We can inspect the Mt contents of our data:
#total fragments
awk '{sum += $3} END {print sum}' ENCFF045OAB.chr14.bam.idxstats
4947098
#chrM fragments
awk '$1 ~ /chrM/ {print $3}' ENCFF045OAB.chr14.bam.idxstats
53737
chrM/total
ratio in this file is 0.011
(thanks to data subsetting). The fraction of Mt reads in the nonsubset file was 0.053
, a value to be expected if using the Omni ATAC library prep. Older protocols result in much higher values.
Let’s inspect the read mapping statistics in ENCFF045OAB.chr14.bam.stats
:
grep ^SN ENCFF045OAB.chr14.bam.stats | cut -f 2-
raw total sequences: 3344316
filtered sequences: 0
sequences: 3344316
is sorted: 1
1st fragments: 1672719
last fragments: 1671597
reads mapped: 3314986
reads mapped and paired: 3285656 # paired-end technology bit set + both mates mapped
reads unmapped: 29330
reads properly paired: 3259566 # proper-pair bit set
reads paired: 3344316 # paired-end technology bit set
reads duplicated: 0 # PCR or optical duplicate bit set
reads MQ0: 5113 # mapped and MQ=0
reads QC failed: 0
non-primary alignments: 1632112
total length: 285098443 # ignores clipping
bases mapped: 282153143 # ignores clipping
bases mapped (cigar): 282153143 # more accurate
bases trimmed: 0
bases duplicated: 0
mismatches: 1645084 # from NM fields
error rate: 5.830465e-03 # mismatches / bases mapped (cigar)
average length: 85
maximum length: 101
average quality: 35.5
insert size average: 284.8
insert size standard deviation: 150.6
inward oriented pairs: 1005958
outward oriented pairs: 10041
pairs with other orientation: 77
pairs on different chromosomes: 1719
Processing alignments
We start by removing alignments within problematic genomic regions.
We use hg38 specific blacklist from ENCODE, accession ENCFF356LFX
.
First, we remove alignments within the blacklisted regions:
module load NGSUtils/0.5.9
bamutils filter ../../data/ENCFF045OAB.chr14.bam ENCFF045OAB.chr14.blacklist_filt.bam -excludebed ../../annot/ENCFF356LFX.bed nostrand
The output:
Done! (1:48)
4574099 kept
402329 failed
Next, we remove alignments to mitochondrial genome:
bamutils filter ENCFF045OAB.chr14.blacklist_filt.bam ENCFF045OAB.chr14.blacklist_M_filt.bam -excluderef chrM
The output:
Done! (1:23)
4520362 kept
53737 failed
Next, we remove low quality (by MAPQ) and incorrect alignments (as specified by the aligner). We also need to index the resulting bam file for the next step.

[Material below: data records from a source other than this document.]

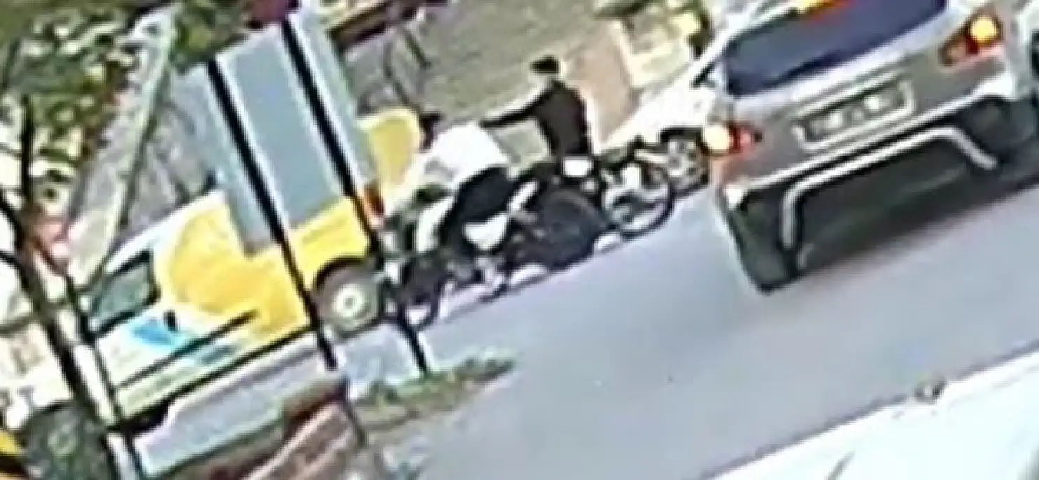 Meydana gelen sıra dışı motosiklet kazasının güvenlik kamerası görüntüleri ortaya çıktı. Cadde üzerinde faaliyet gösteren bir işletmenin güvenlik kameralarına yansıyan görüntülerde, dönüş yapmak için yavaşlayan siyahlı motosikletlinin yön belirmek için kolunu aldırması ve bu sırada yandan geçmeye çalışan beyazlı motosikletlinin kola çarparak yere düştüğü anlar yer aldı.
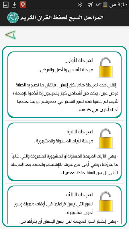 يتكون البرنامج من سبع مراحل، في كل مرحلة مجموعة من السور أو الآيات والتي تم ترتيبها بحسب الأولية والأهمية وبشكل مناسب جداً، وعند إكمال جميع المراحل تكون قد حفظت المصحف كاملاً.
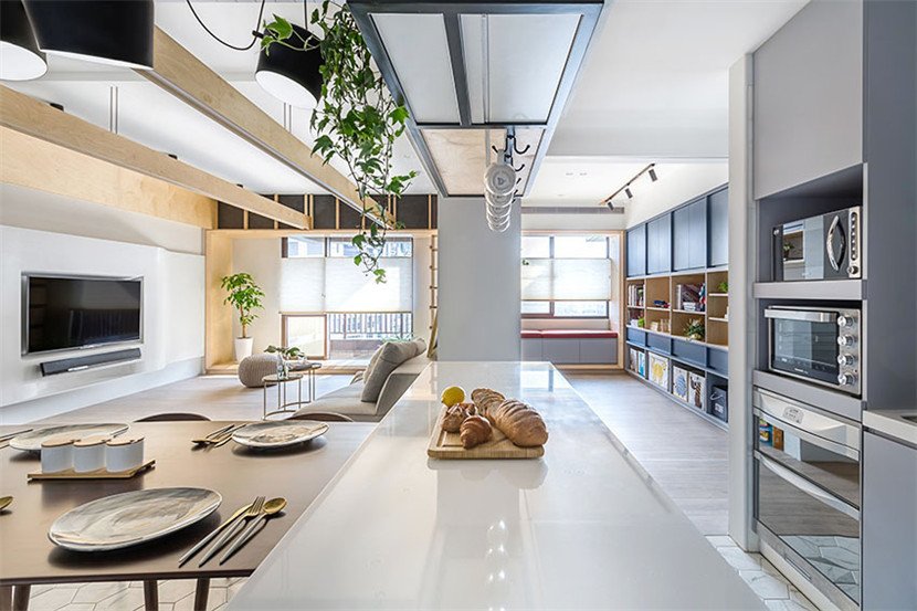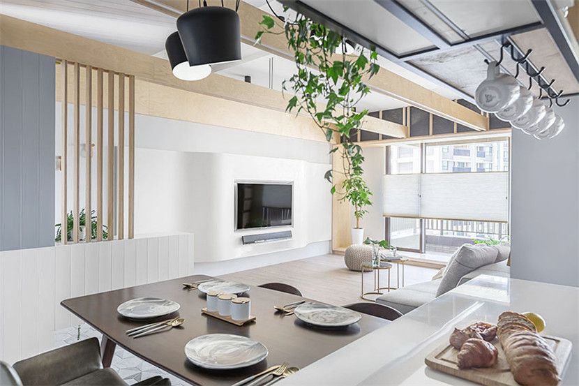 设计师在天花板下方设计了白色木梁,在视觉上可将各场域区分开来,也减少复杂的设计元素。
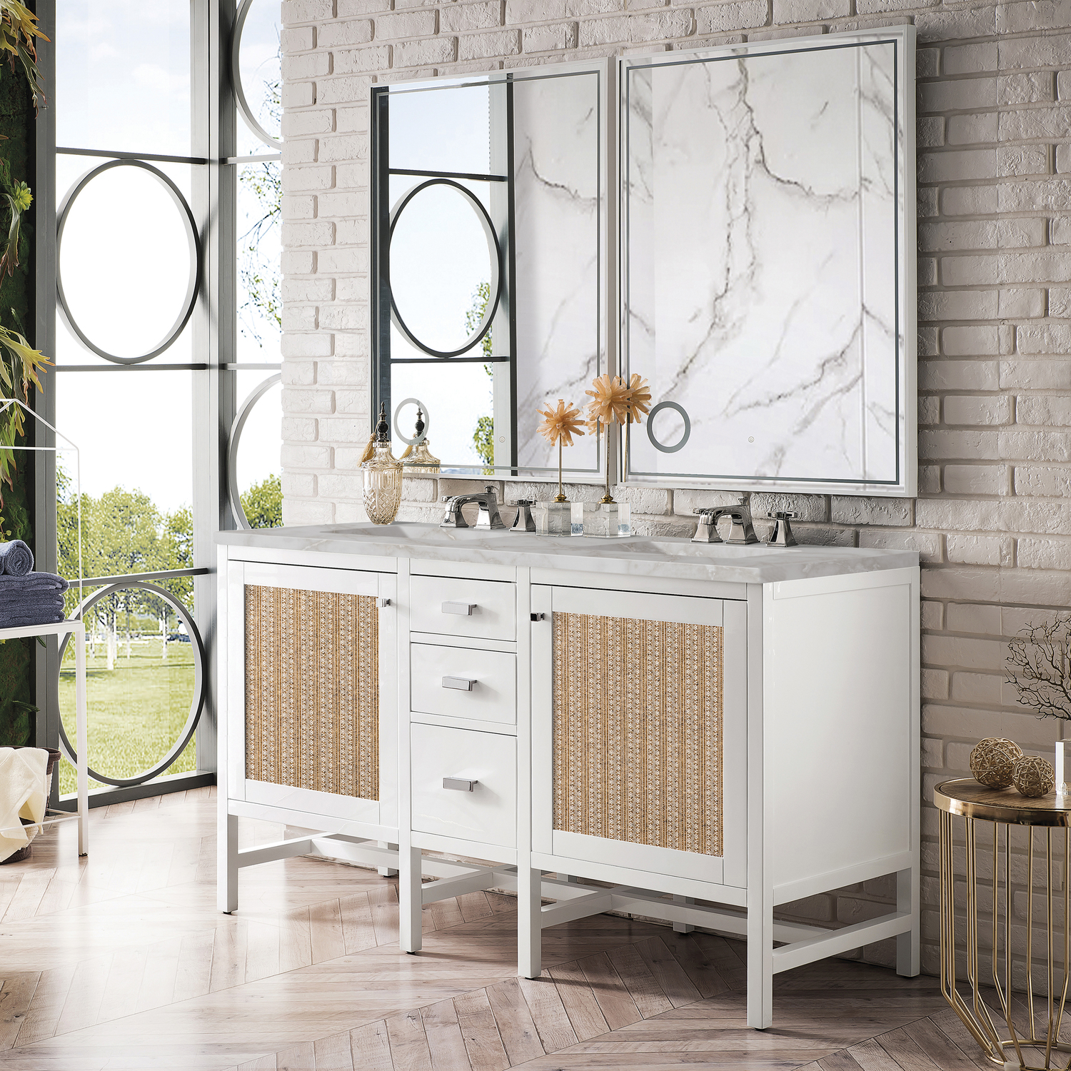 The Addison 60" Glossy White Double Vanity by James Martin Vanities lends a fresh take on Shaker-inspired design with a look of luxury. Handcrafted and gender-neutral, it fits effortlessly into modern or transitional rooms. The Shaker touch comes from the cabinet's distinct sides, drawers, and doors. Premium standard features include soft-close undermount drawer glides and adjustable door hinges, brushed aluminum laminate drawer bottoms, one 120 Volt UL rated electrical component with two electrical and two USB outlets, and one bamboo drawer organizer. The Bright White finish is accented by the neutral background of the Victorian Silver Silestone top, boasting champagne metallic accents which seamlessly complement wood tones.Vanity set includes a 3cm eased edge Victorian Silver Silestone top, two white porcelain rectangular sinks and mounting brackets for easy installation. Top is pre-drilled for two 8" widespread faucets. Faucets not included.Two-door single vanity cabinet with three drawers and interior shelf spaceCrafted from Poplar solids and plywood and is sealed inside and outside with our premium moisture and UV resistant coatingDrawer boxes are constructed using English Dovetail joinery, feature soft-close undermount glides and a Brushed Aluminum laminate drawer bottom.Polished Chrome hardwareIncludes one removable Bamboo drawer organizer trayIncludes a 120 UL-rated electrical component with dual power outlets and USB (Type A) portsFaucets sold separatelyCountertop is pre-drilled for one 3-hole 8" widespreadBring the simplicity of Shaker-inspired design to your bath with the fully modular Addison Collection by James Martin Vanities. Handcrafted with either solid poplar (bright white) or parawood (mid-century acacia) with a hand-applied finish. Each piece is finished inside and out for stand-alone application. Addison’s slim, strong lines will offer a substantial look and feel to any room as well as work with a wide variety of different decors. Square legs elevate the cabinet providing ample toe-kick space. This elegant modular collection comes in two incredible finishes: a rich, warm mid-century acacia accented with burnished nickel or a crisp, clean glossy white which is accented with polished chrome hardware. For the ultimate in versatility, the door panels reverse to textural cork with the mid-century acacia this comes in an elegant herringbone pattern whereas the bright white has a Casablanca cork pattern giving you two looks in one. The Addison Collection harmoniously blends the best of both contemporary and transitional looks evoking a sense of solace and relaxation.1 year warranty against manufacturer's defects. We will repair or replace any defective product, if the product is defective in material or workmanship at our discretion. No warranty is expressed or implied regarding damages resulting from consumer misuse.

samtools view -f 0x2 -q 5 -hbo ENCFF045OAB.chr14.blacklist_M_filt.mapq5.bam ENCFF045OAB.chr14.blacklist_M_filt.bam
samtools index ENCFF045OAB.chr14.blacklist_M_filt.mapq5.bam
Finally, we can remove duplicated alignments.
module load picard/2.23.4
java -Xmx31G -jar $PICARD_HOME/picard.jar MarkDuplicates -I ENCFF045OAB.chr14.blacklist_M_filt.mapq5.bam \
-O ENCFF045OAB.chr14.blacklist_M_filt.mapq5.dedup.bam -M ENCFF045OAB.dedup_metrics \
-VALIDATION_STRINGENCY LENIENT -REMOVE_DUPLICATES true -ASSUME_SORTED true
samtools index ENCFF045OAB.chr14.blacklist_M_filt.mapq5.dedup.bam
Resulting file ENCFF045OAB.chr14.blacklist_M_filt.mapq5.dedup.bam
containes preprocessed alignments we can use in the analysis and visualisations.
While we are at it, we can inspect the duplication status of the library. This is another early QC step we perform, and it informs us of library complexity.
head ENCFF045OAB.dedup_metrics
Key information from ENCFF045OAB.dedup_metrics
:
READ_PAIRS_EXAMINED 1544973
READ_PAIR_DUPLICATES 105752
PERCENT_DUPLICATION 0.068449
Inspecting file contents.
head ENCFF045OAB.dedup_metrics
Good news, low duplication level in this library, we can proceed with further QC and analysis.